Jeremiah 12:11
They have made it desolate, and being desolate it mourneth unto me; the whole land is made desolate, because no man layeth it to heart.
Cross-reference
Jeremiah 12:4-8 provides the immediate context: land mourns, God forsakes his heritage, and the wicked prosper — the same desolation lamented here.
In Jeremiah 6:8, Jerusalem is warned it will become desolate if it does not turn, echoing the desolate land no one lays to heart.
In Jeremiah 9:11, God makes Jerusalem a heap of ruins and a desolation, mirroring the whole land made desolate in 12:11.
Jeremiah 23:10 uses the exact phrase 'the land mourns' and ties it to adultery and curse, directly echoing the desolation here.
Jeremiah 4:27 also declares the whole land a desolation, reinforcing the same prophecy of total ruin with a glimmer of hope.
Jeremiah 14:2 continues the mourning imagery with Judah's gates languishing and people lamenting, reinforcing the land's desolation.
Jeremiah 19:8 depicts Jerusalem as a horror to passersby, contrasting with 'no man lays it to heart' — the desolation is obvious yet ignored.
Isaiah 42:25 directly parallels 'did not take it to heart' — Israel's failure to understand God's judgment, same as the lack of heart here.
Isaiah 57:1 echoes the same lament: no one takes the righteous' loss to heart, mirroring the land's desolation ignored here.
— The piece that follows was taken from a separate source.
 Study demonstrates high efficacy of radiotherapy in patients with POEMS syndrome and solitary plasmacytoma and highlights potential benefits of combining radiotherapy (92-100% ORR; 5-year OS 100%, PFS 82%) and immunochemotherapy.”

Joel 1:10 depicts the ground mourning over destroyed harvests, matching the land's mourning in this verse — a common prophetic image.
Romans 8:22 intensifies the image — all creation groans together, directly paralleling the land's mourning here as part of a wider suffering.
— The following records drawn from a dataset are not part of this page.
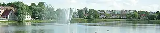Durch Kanäle ist er mit einigen kleineren Seen verbunden. Er nimmt Wasser aus dem Ewingsee im Norden auf und hat einen Abfluss über die Iławka (Eylenz) in die Drwęca (Drewenz) im Süden.[1]
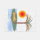 cobertor de velo com meu design original e simples, mas colorido vetor de uma palmeira, sol laranja brilhante e ondas.
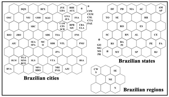Topological maps for the distribution of Brazilian cities, states, and regions according to the winning neuron. See abbreviations in Table 1. Where: * represents the clusters of cities and states in each network grouped in the same winning neuron.
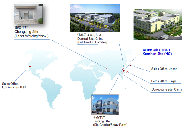 思瑞奕電子有限公司成立于2010年10月,注冊(cè)資金7500萬(wàn)人民幣,總部位于江蘇省昆山市,在重慶、江蘇東臺(tái)、江蘇太倉(cāng)設(shè)有分廠,公司于2011年通過ISO9001/ISO14001認(rèn)證,2013年通過高新技術(shù)企業(yè)和TS16949(IATF)體系認(rèn)定,2016年先后通過知識(shí)產(chǎn)權(quán)管理體系認(rèn)證、安全生產(chǎn)標(biāo)準(zhǔn)化認(rèn)證,2017年獲頒江蘇省民營(yíng)科技企業(yè)、2018年先后獲得蘇州市人民政府認(rèn)定企業(yè)技術(shù)中心、科技部認(rèn)定中小型科技企業(yè)、江蘇省最具成長(zhǎng)性高科技企業(yè)、2020年獲得江蘇省人民政府認(rèn)定企業(yè)技術(shù)中心、2021年獲得蘇州市瞪羚計(jì)劃入庫(kù)企業(yè)、江蘇省省級(jí)工程技術(shù)研究中心、江蘇省專精特新中小企業(yè)等榮譽(yù)稱號(hào)......

Lamentations 1:1 laments Jerusalem's loneliness and widowhood, mirroring the land's desolation and lack of mourners.
Romans 8:20 expands the idea: creation was subjected to futility, not just the land of Israel, connecting cosmic groaning to earthly desolation.
Ecclesiastes 7:2 uses the same phrase 'lay it to heart' — there it is wise to consider mortality, here it is the missing response to desolation.